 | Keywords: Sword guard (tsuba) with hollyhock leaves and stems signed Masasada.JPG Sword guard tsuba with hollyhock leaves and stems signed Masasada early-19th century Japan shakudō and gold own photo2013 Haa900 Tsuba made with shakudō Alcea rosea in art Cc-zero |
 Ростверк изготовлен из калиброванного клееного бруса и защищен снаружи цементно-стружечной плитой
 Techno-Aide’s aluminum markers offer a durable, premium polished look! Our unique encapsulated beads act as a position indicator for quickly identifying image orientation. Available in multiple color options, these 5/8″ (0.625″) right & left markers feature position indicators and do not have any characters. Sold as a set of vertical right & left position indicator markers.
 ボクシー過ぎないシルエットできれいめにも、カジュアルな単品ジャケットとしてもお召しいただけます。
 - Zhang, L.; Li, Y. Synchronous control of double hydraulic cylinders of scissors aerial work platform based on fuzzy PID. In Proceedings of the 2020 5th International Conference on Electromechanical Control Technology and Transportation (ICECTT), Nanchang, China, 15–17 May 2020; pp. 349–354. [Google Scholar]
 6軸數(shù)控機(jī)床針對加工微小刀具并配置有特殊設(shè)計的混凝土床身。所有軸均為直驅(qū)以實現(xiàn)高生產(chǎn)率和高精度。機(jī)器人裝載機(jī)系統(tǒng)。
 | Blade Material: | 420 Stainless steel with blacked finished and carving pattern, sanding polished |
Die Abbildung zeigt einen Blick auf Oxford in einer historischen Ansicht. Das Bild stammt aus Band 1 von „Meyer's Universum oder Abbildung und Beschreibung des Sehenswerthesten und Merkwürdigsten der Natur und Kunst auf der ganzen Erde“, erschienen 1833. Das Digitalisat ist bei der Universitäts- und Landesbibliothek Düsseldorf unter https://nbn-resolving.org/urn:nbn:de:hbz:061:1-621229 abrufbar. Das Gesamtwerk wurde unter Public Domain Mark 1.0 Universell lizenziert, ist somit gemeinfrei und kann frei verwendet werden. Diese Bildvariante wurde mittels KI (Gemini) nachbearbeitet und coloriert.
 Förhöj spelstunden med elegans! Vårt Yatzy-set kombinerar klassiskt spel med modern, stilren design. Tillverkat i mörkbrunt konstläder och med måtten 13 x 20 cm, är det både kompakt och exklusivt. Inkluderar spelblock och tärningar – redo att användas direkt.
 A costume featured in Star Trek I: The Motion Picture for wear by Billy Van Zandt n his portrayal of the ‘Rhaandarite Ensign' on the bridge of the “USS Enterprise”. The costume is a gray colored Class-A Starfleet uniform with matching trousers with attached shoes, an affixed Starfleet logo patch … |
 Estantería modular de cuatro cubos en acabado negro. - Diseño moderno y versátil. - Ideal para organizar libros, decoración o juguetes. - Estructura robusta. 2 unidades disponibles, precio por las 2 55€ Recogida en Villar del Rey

+===+

* Aim of the task *
Return, from the data, each line where the string "polished" occurs.

* Answer section *
 Techno-Aide’s aluminum markers offer a durable, premium polished look! Our unique encapsulated beads act as a position indicator for quickly identifying image orientation. Available in multiple color options, these 5/8″ (0.625″) right & left markers feature position indicators and do not have any characters. Sold as a set of vertical right & left position indicator markers.
 | Blade Material: | 420 Stainless steel with blacked finished and carving pattern, sanding polished |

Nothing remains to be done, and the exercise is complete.